Complete quantification pipeline: index -> align -> quant -> gene-level table export.

Short	Long	Description
`-s`	`--sample`	Sample name for single-sample mode; use with `-1` and `-2`.
`-S`	`--coldata`	Batch sample table with `sample,r1,r2`; replaces `--sample`, `--r1`, and `--r2`.
`-1`	`--r1`	First read file for single-sample mode.
`-2`	`--r2`	Second read file for single-sample mode.
`-g`	`--genome-fasta`	Required genome FASTA used to build or check the STAR index.
`-gtf`	`--gtf-file`	Required annotation used by STAR and `tx2gene.tsv` generation.
`-gf`	`--transcript-fasta`	Required transcript FASTA used by Salmon.
`-o`	`--output-dir`	Required output/work directory.
`-idx`	`--index-dir`	Optional existing STAR index directory; defaults to `<output-dir>/00_index`.
`-t2g`	`--tx2gene`	Optional transcript-to-gene mapping for gene-level export; otherwise generated from `--gtf-file`.
`-t`	`--threads`	Threads per sample. Default: `8`.
`-p`	`--parallel`	Total cores for multi-sample parallel execution.
`-tr`	`--trim`	Run fastp before alignment.
`-fi`	`--force-index`	Rebuild the STAR index even if it exists.
`-se`	`--skip-existing`	Skip sample work when expected output already exists.
n/a	`--star-args`	Advanced STAR arguments.
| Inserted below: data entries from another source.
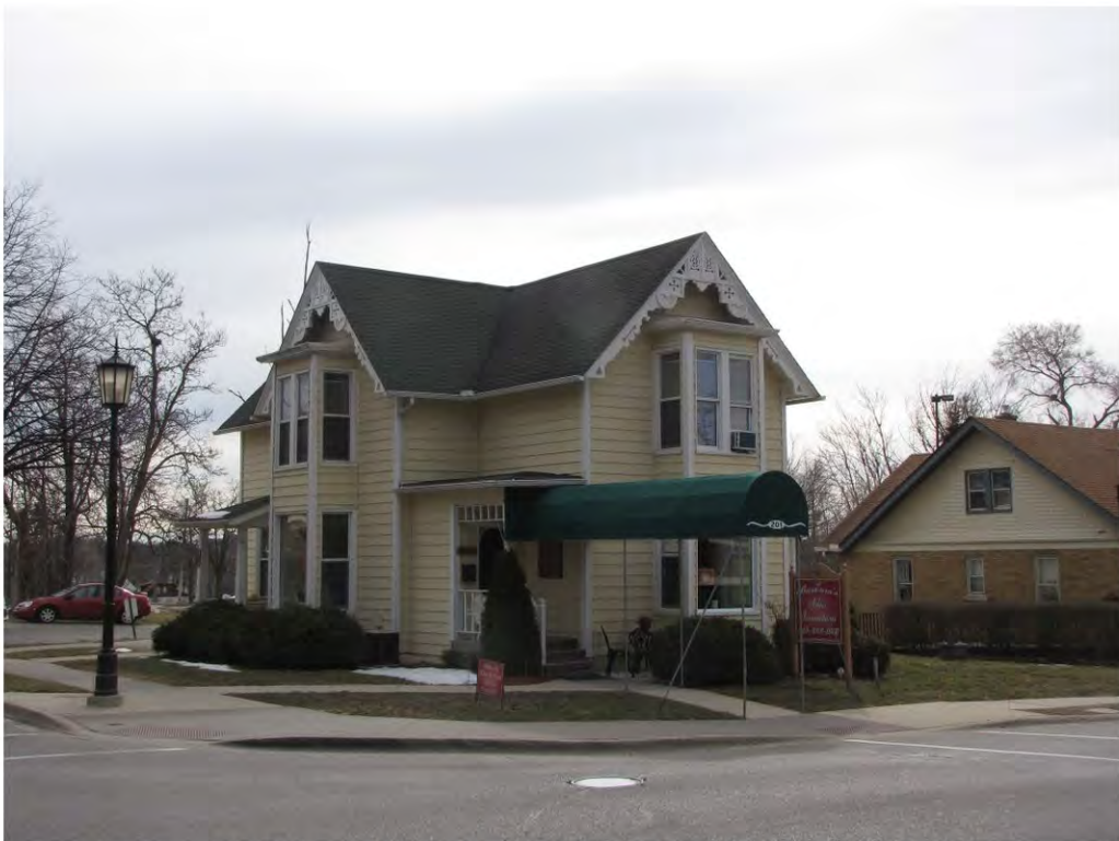
Center South 201 and Cady East 100_Looking Southeast
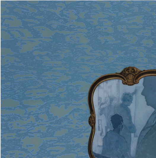
Reflex , 2016, oil on canvas, 57 x 57in (144.8 x 144.8 cm)
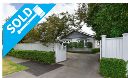
33 Perry Street, PAPANUI $806,000
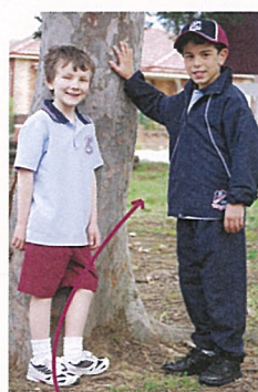
Unisex Sport Uniform Options
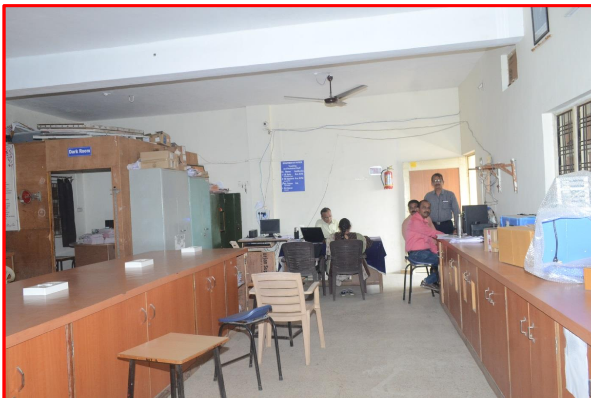
4) Physics Laboratory
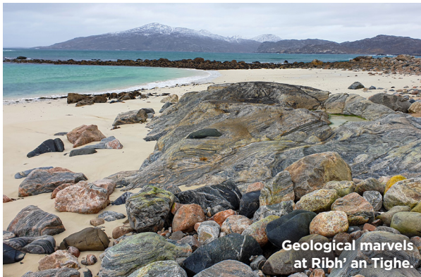
Geological marvels at Ribh' an Tighe.
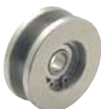
GRL-H-SUS (Stainless Steel)
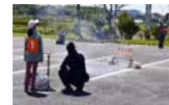
Model rocket launch contest (Aichi Works)
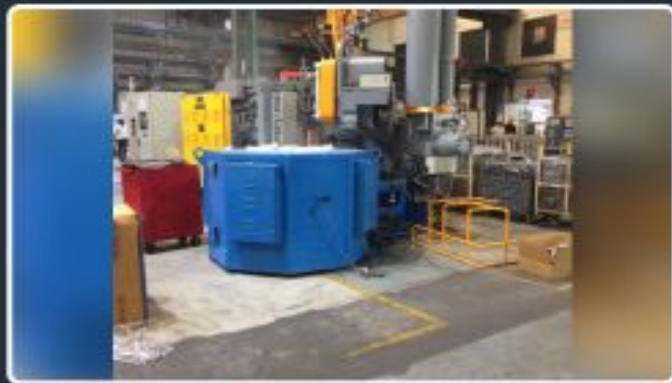
500 Kg Al Holding on line type
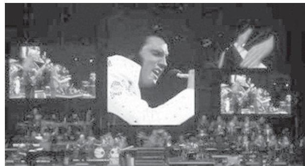
A live band backs up a virtual Elvis during a memorial concert of Elvis footage in Memphis, Tennessee, on 16 August, 2007.

Allowed conflicts replace rskit defaults; protected options include `--runThreadN`, `--genomeDir`, `--readFilesIn`, `--readFilesCommand`, `--outFileNamePrefix`, `--outSAMtype`, `--quantMode`, `--genomeFastaFiles`, and `--sjdbGTFfile`.
n/a	`--salmon-args`	Advanced `salmon quant` arguments. Allowed conflicts replace rskit defaults; protected options include `-t`/`--targets`, `-a`/`--alignments`, `-o`/`--output`, `-p`/`--threads`, and `-l`/`--libType`.
n/a	`--fastp-args`	Advanced fastp arguments used only with `--trim`. Allowed conflicts replace rskit defaults; protected options include `-i`/`--in1`, `-I`/`--in2`, `-o`/`--out1`, `-O`/`--out2`, `-w`/`--thread`, report paths, STDIN/STDOUT, and extra output-file options.

`rskit deseq2`

DESeq2 differential expression analysis.

Short	Long	Description
`-sd`	`--salmon-dir`	Directory containing Salmon `quant.sf` folders or precomputed `gene_counts.csv`/`gene_counts.tsv`. Mutually exclusive with `--gene-counts`.
`-gc`	`--gene-counts`	Gene counts matrix file. Mutually exclusive with `--salmon-dir`.
`-S`	`--coldata`	Required metadata file with `sample` and every column referenced by `--design`.
`-gtf`	`--gtf`	GTF/GFF annotation; required when importing `quant.sf` without `--tx2gene`.
`-t2g`	`--tx2gene`	Optional transcript-to-gene mapping used when importing from Salmon outputs.
`-w`	`--work-dir`	Work directory used to place the default `04_deseq2/` output directory. Default: current directory.
`-o`	`--output-dir`	Custom DESeq2 output directory; overrides `<work-dir>/04_deseq2`.
`-d`	`--design`	DESeq2 design formula. Default: `~condition`.
`-c`	`--contrast`	Contrast as `factor,level1,level2`; validated against coldata before counts are loaded.
`-a`	`--alpha`	Adjusted p-value threshold used for result summaries. Default: `0.05`.
`-l`	`--lfc`	Absolute log2 fold-change threshold used for result summaries. Default: `2.0`.
`-t`	`--threads`	Number of CPUs for PyDESeq2 inference.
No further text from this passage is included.